Problematizing communication’s shift from development to social change

Karin Wilkins

Over time, academic attention to “communication for social change” has begun to eclipse “development communication”. The gradual shift in rhetoric is not linear, and may not represent an actual shift in practice or within the development industry led by bilateral and multilateral donors. However, it has achieved enough attention to warrant critical reflection.

After years of considerable critique against the perceived injuries resulting from a narrow implementation of development communication, scholarly attention began to reframe its work within the rubric of communication

for social change (Gumucio-Dagron & Tufte, 2006; Singhal & Rogers,

1999; Wilkins, 1999). While many good reasons for this shift in rhetoric indeed exist, we now need to question what the new term embodies.

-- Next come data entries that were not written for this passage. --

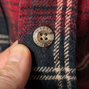A 100% heavy brushed cotton lumberjack shirt by Field & Stream, marked size M in a red, black and white tartan or plaid pattern. Great for men, or oversized for ladies. In good condition, the colour a touch washed and someone wrote and "E" on the neck tag. Loved it, but found it a little too large and stiff for my liking.
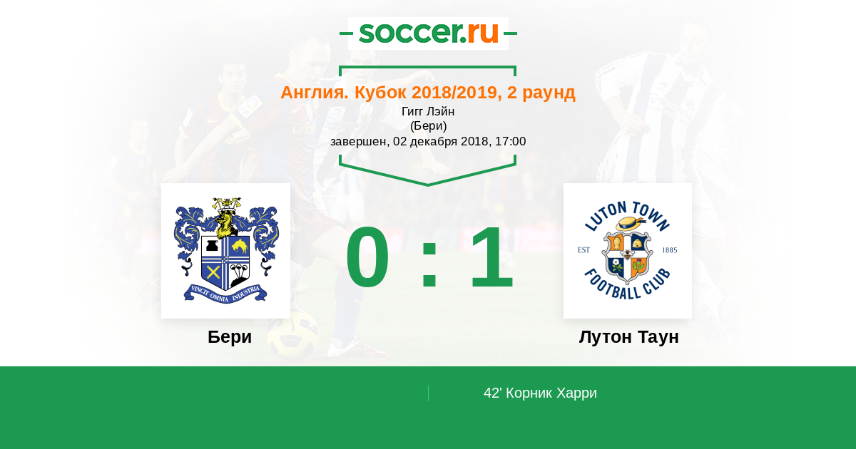 42' (0:1) Корник Харри (14) (Коллинз Джеймс (19))
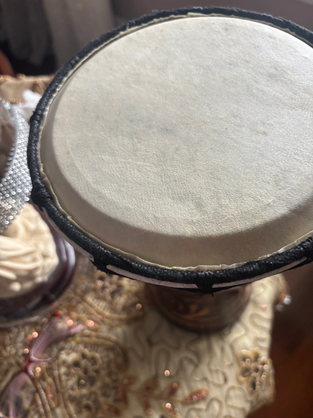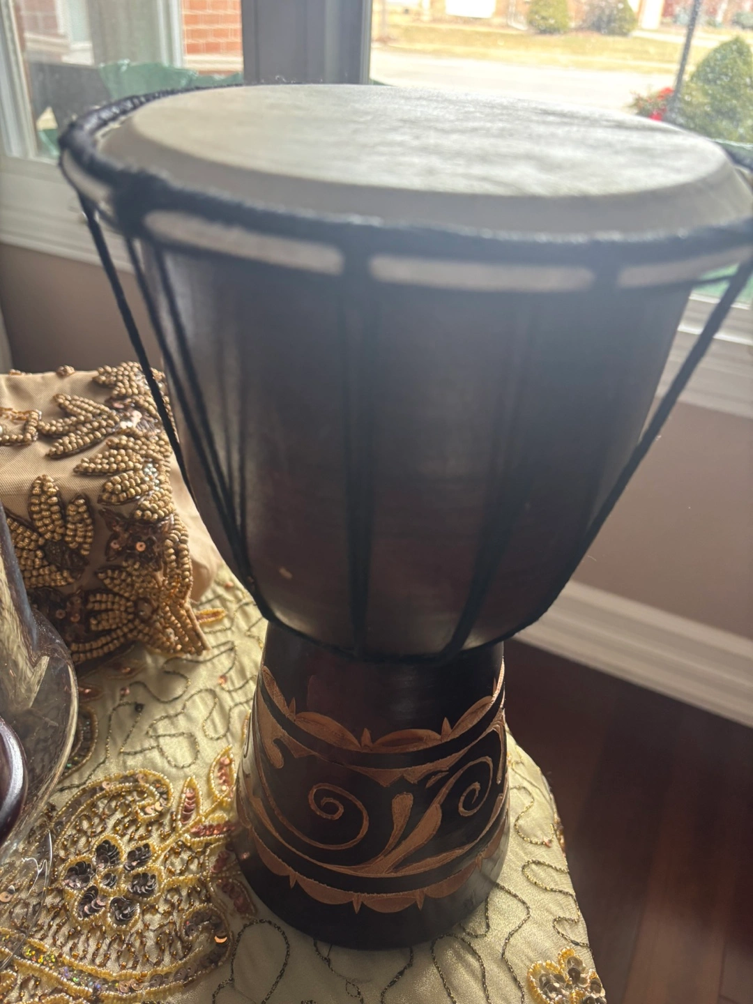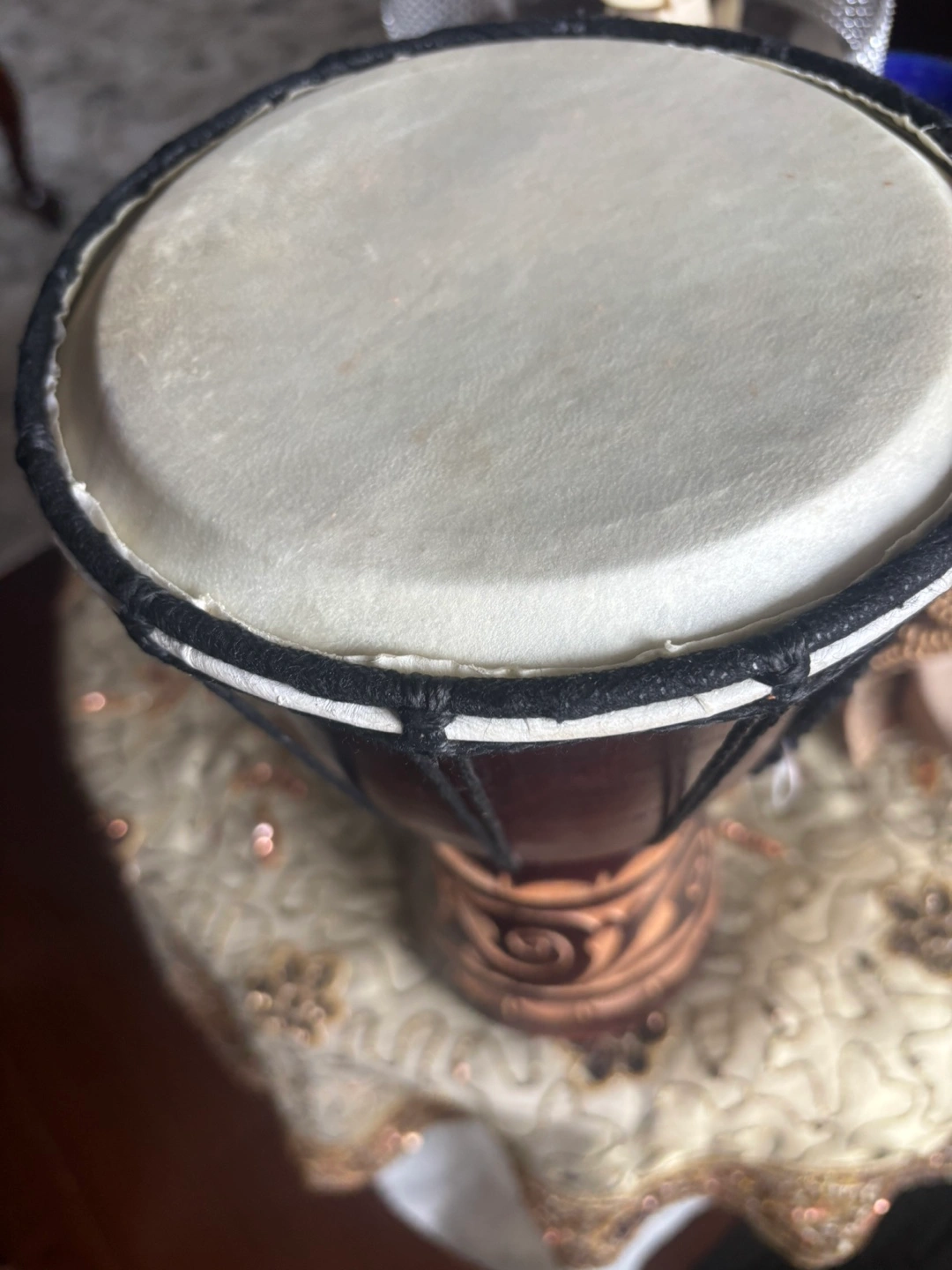 Small wooden darbakie. Dark brown body with carved design. Black rope lacing. White drumhead. Great for decoration or small-scale performances.
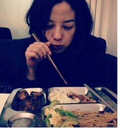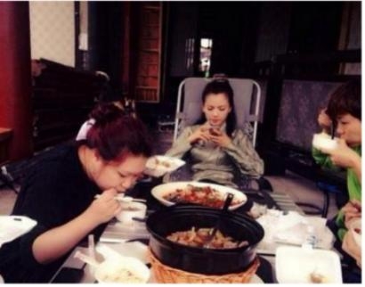 Baby这身打扮,应该是在拍《微微》吧,眼前丰盛的工作餐着实吸引人啊。(但baby好像只专注于玩游戏啊!)
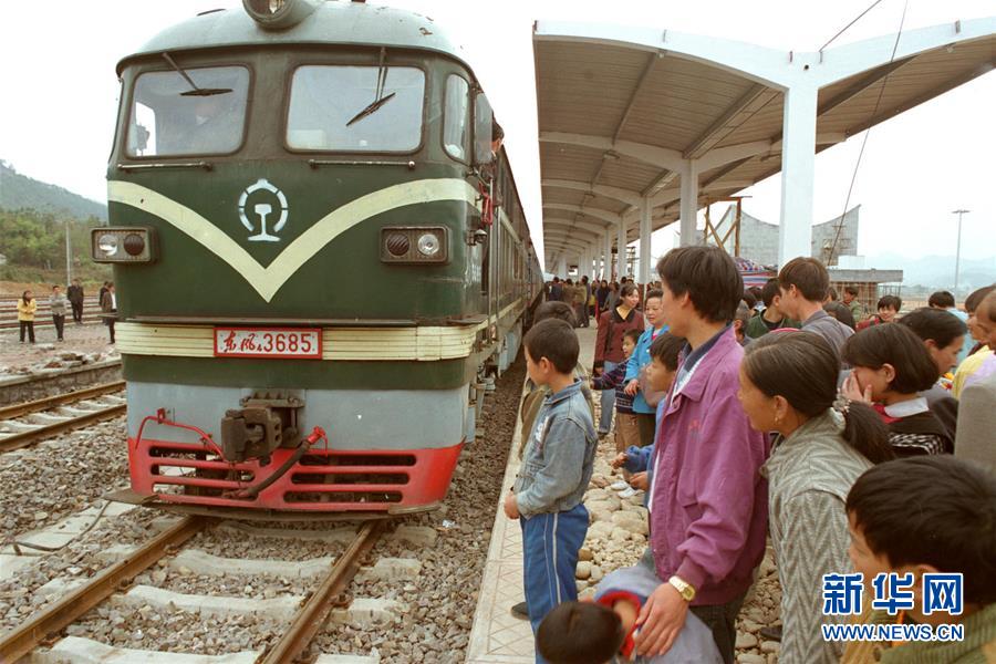 1998年12月6日,首列福州-南平-武夷山旅游客運列車緩緩駛進武夷山站。 新華社記者張國俊 攝
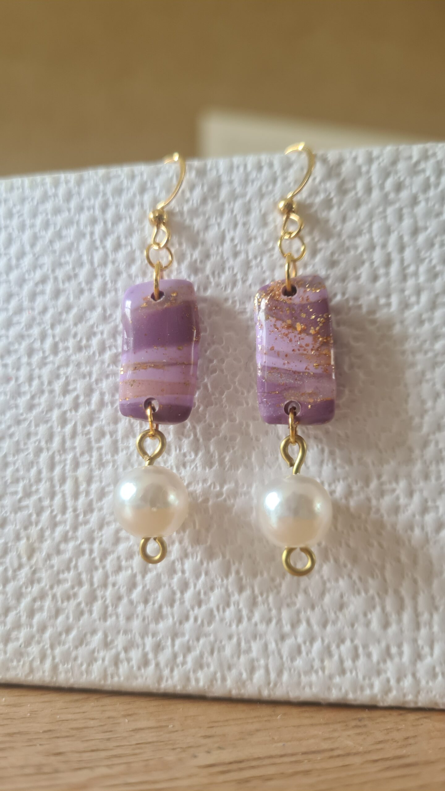 Prachtige roze / paarse langwerpige kraal boven een parel met een goudhaakje lengte ongeveer 6 cm
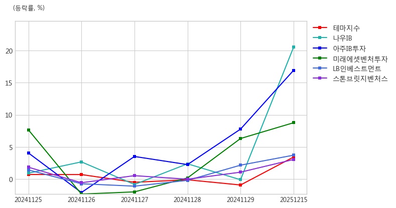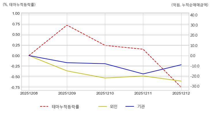창투사 테마는 최근에 소폭의 조정이 있었지만 오늘 다시 반등을 시도하며 전일 대비 3.44% 상승하고 있다. 이 기간 동안 외국인과 기관은 관련 종목을 -25.43억원, -9.65억원어치 순매도 했고, 개인은 34.04억원 순매수 한 것으로 나타났다.
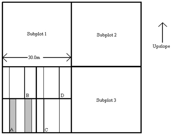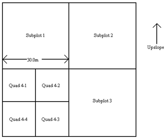 The subplots were numbered sequentially in a clockwise direction, with the subplot number 1 located in the upper left corner of the macroplot. In this fashion, subplot 1 and subplot 2 were always upslope, whereas subplot 3 and subplot 4 were always downslope. Two of these subplots were randomly selected for further sampling.
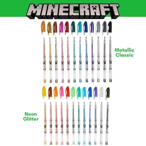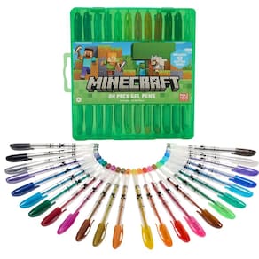 O conjunto de canetas de gel Minecraft para crianças é um pacote com 24 canetas de gel vibrantes que inclui 12 canetas de gel com glitter e 12 canetas de gel regulares e metálicas, todas em cores arco-íris. Cada caneta possui uma tampa removível e vem organizada em uma caixa de plástico verde durável com fechos de pressão e compartimentos individuais, tornando-a perfeita para facilitar o armazenamento e viagens. A tinta suave e vívida é ideal para colorir, desenhar e escrever em vários papéis, blocos de esboço e livros de colorir, tornando-a uma ótima escolha para crianças que amam artes e artesanato. Este conjunto é um excelente presente para fãs de Minecraft a partir de 3 anos, perfeito para aniversários, volta às aulas ou como um divertido recheio de meias. - Canetas de gel de gel e brilho – cada conjunto vem com 12 canetas de gel coloridas com glitter e 12 canetas de gel regulares e metálicas com tampas removíveis, todas em cores arco-íris. Vem em uma capa de plástico verde durável com fechos de pressão e compartimentos para cada caneta individual para facilitar o armazenamento, viagens e organização. - Ótimas para colorir e desenhar – com tinta suave e viva, estas canetas de ponta fina colorem e escrevem com facilidade em vários papéis, blocos de esboço, folhas de colorir e livros de colorir. Perfeito para crianças que amam artes e artesanato! - Presentes MINECRAFT para crianças a partir de 3 anos – Perfeito como um presente de aniversário com artesanato Minecraft, como um presente de volta às aulas com material escolar, mochilas e lancheiras de Minecraft. - Perfeito para fãs de Minecraft – Este conjunto de canetas de gel é um item essencial para os fãs de Minecraft, combinando seu amor por Minecraft e pela trepadeira com a alegria de escrever e criar.
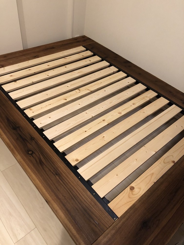 このお客様 他にも古材でベッドの土台も作られて。 こちらも素晴らしい完成度。
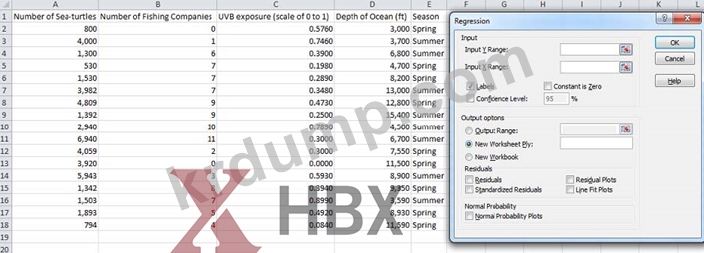 아래 데이터를 기반으로 Excel 회귀 입력 범위에 맞는 올바른 열을 선택하세요.
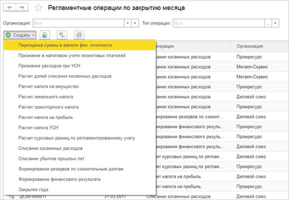 Возможен контекстный вызов по кнопке Подробнее из рабочего места Закрытие месяца.

The following review of a history of communication approaches to

development and social change will consider the value of transitions as well as signal the unfortunate cooptation of key terms.

DEVELOPMENT COMMUNICATION

Current articulations of communication for social change build from a history of approaches using strategic communication to promote a public good in the field of development, such as e.g. improvements in conditions of health, food and agriculture, governance or material welfare.

Historically, development communication can be seen as communication

for development, in terms of building media infrastructure and/or

capacity in addition to delivering strategic messages, as well as

communication about development, with the emergence of more critical considerations of discourse and praxis (Wilkins, 2001).

Using communication for development has been the central focus of research, both in terms of academic and development industry attention since Lerner first published his treatise fifty years ago (Lerner, 1958).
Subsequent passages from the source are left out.